TASK DIRECTIONS
Everything in the listing below has to be repeated exactly, except the pictures.

DATA EXTRACT
★ ★ ★ ★

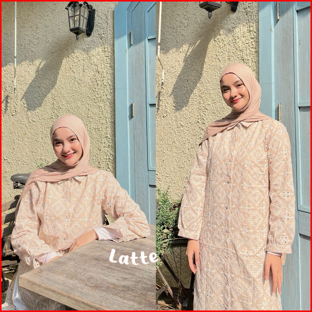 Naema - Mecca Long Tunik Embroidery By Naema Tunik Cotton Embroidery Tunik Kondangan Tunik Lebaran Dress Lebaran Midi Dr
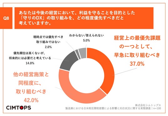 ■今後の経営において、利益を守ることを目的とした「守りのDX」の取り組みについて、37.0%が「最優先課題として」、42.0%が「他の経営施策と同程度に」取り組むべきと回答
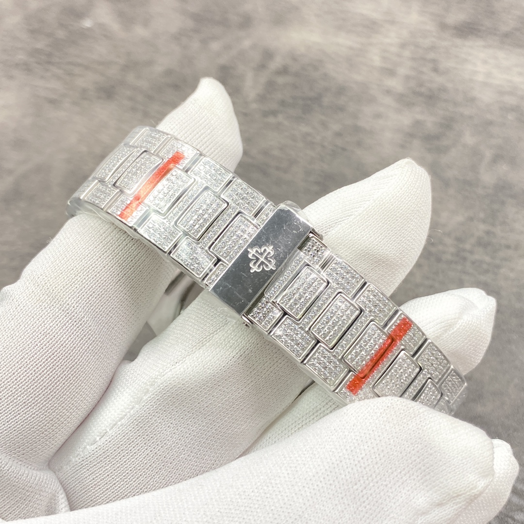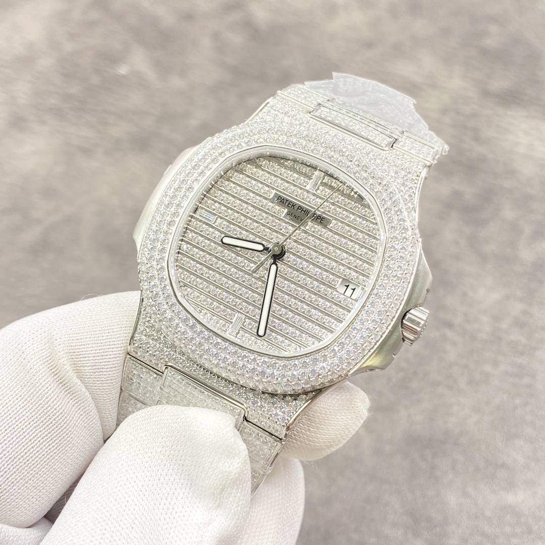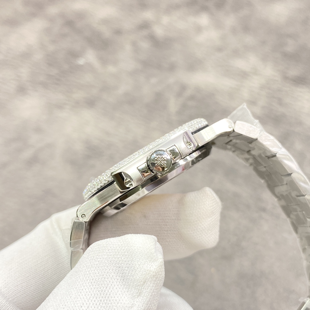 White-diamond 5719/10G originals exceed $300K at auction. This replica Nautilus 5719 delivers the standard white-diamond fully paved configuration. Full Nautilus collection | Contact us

★ ★ ★ ★

RESULT OF THE TASK
 Naema - Mecca Long Tunik Embroidery By Naema Tunik Cotton Embroidery Tunik Kondangan Tunik Lebaran Dress Lebaran Midi Dr
 ■今後の経営において、利益を守ることを目的とした「守りのDX」の取り組みについて、37.0%が「最優先課題として」、42.0%が「他の経営施策と同程度に」取り組むべきと回答
 White-diamond 5719/10G originals exceed $300K at auction. This replica Nautilus 5719 delivers the standard white-diamond fully paved configuration. Full Nautilus collection | Contact us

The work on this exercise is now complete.